DESCRIPTION OF SYMBOLS 1 ... High resistance laminated body, 2 ... Transparent substrate, 3 ... High resistance layer, 4 ... Barrier layer, 5 ... Insulating layer, 6 ... Touch panel main body, 7 ... Water-repellent layer, 10 ... Front plate for touch sensors.

Claims

A high resistance laminate having a transparent substrate and a high resistance layer formed on the transparent substrate,
The high resistance layer is a layer mainly composed of an oxide containing tin and titanium, and an atomic ratio of tin to titanium (Sn / Ti) of 80/20 to 95/5, and the high resistance layer A high resistance laminate having a surface resistance value of 1 to 100 MΩ / □.
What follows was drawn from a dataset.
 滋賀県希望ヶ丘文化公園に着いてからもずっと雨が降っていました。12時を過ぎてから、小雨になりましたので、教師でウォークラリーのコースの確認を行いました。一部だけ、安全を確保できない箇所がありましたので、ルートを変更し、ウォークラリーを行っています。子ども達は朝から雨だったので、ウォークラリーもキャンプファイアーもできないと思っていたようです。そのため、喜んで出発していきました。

The high resistance laminate according to claim 1, wherein a barrier layer is disposed between the transparent substrate and the high resistance layer.
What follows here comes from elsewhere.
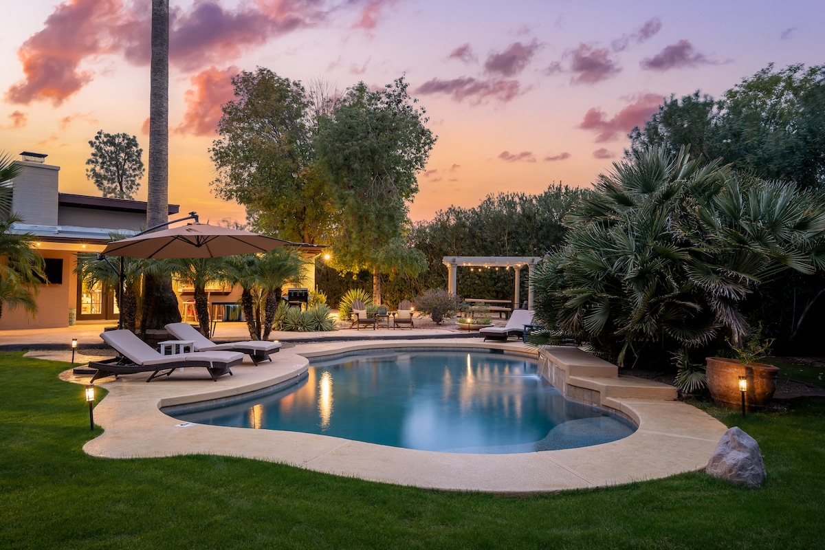 ➳ Walk to the heart of Old Town in 2 minutes (Seriously, as good as it gets) ➳ Sprawling backyard with heated pool and spacious hot tub ➳ Endless outdoor living space with fire pit, propane BBQ grill and dining area ➳ Two generous master suites and three bathrooms ➳ Collapsible wall in the living room for indoor-outdoor living Looking for something a little different? I’ve got 8 more top-rated Scottsdale homes, all 5 minutes or less from Old Town. Click my host profile to explore!

A front plate for a tactile sensor in which a high resistance layer and an insulating layer are laminated in this order on a transparent substrate,
The high resistance layer is a layer mainly composed of an oxide containing tin and titanium, and an atomic ratio of tin to titanium (Sn / Ti) of 80/20 to 95/5, and the high resistance layer A front plate for a tactile sensor having a surface resistance value of 1 to 100 MΩ / □.
The tactile sensor front plate according to claim 3, wherein the luminous transmittance is 85% or more.
The touch sensor front plate according to claim 3 or 4, wherein a barrier layer is disposed between the transparent substrate and the high resistance layer.
The front plate for a tactile sensor according to any one of claims 3 to 5, wherein the coefficient of static friction is 0.2 or less.
The tactile sensor front plate according to any one of claims 3 to 6, wherein the coefficient of dynamic friction is 0.2 or less.
The tactile sensor front plate according to any one of claims 3 to 7, wherein the water contact angle is 80 degrees or more.
The front plate for a tactile sensor according to any one of claims 3 to 8, wherein the luminous reflectance is 7% or less.
10. The front plate for a tactile sensor according to claim 1, wherein the high-resistance layer has a refractive index of 1.8 to 2.5 and a film thickness of 5 to 100 nm.
The tactile sensor front plate according to any one of claims 3 to 10, wherein the insulating layer has a refractive index of 1.3 to 1.8.
The tactile sensor front plate according to any one of claims 3 to 11, wherein the material of the insulating layer is an inorganic oxide and has a thickness of 50 nm to 5 μm.
The insulating layer is a layer formed by curing an ultraviolet curable insulating layer forming composition or a thermosetting insulating layer forming composition, and has a thickness of 1 μm to 100 μm. The front plate for a tactile sensor according to any one of the above.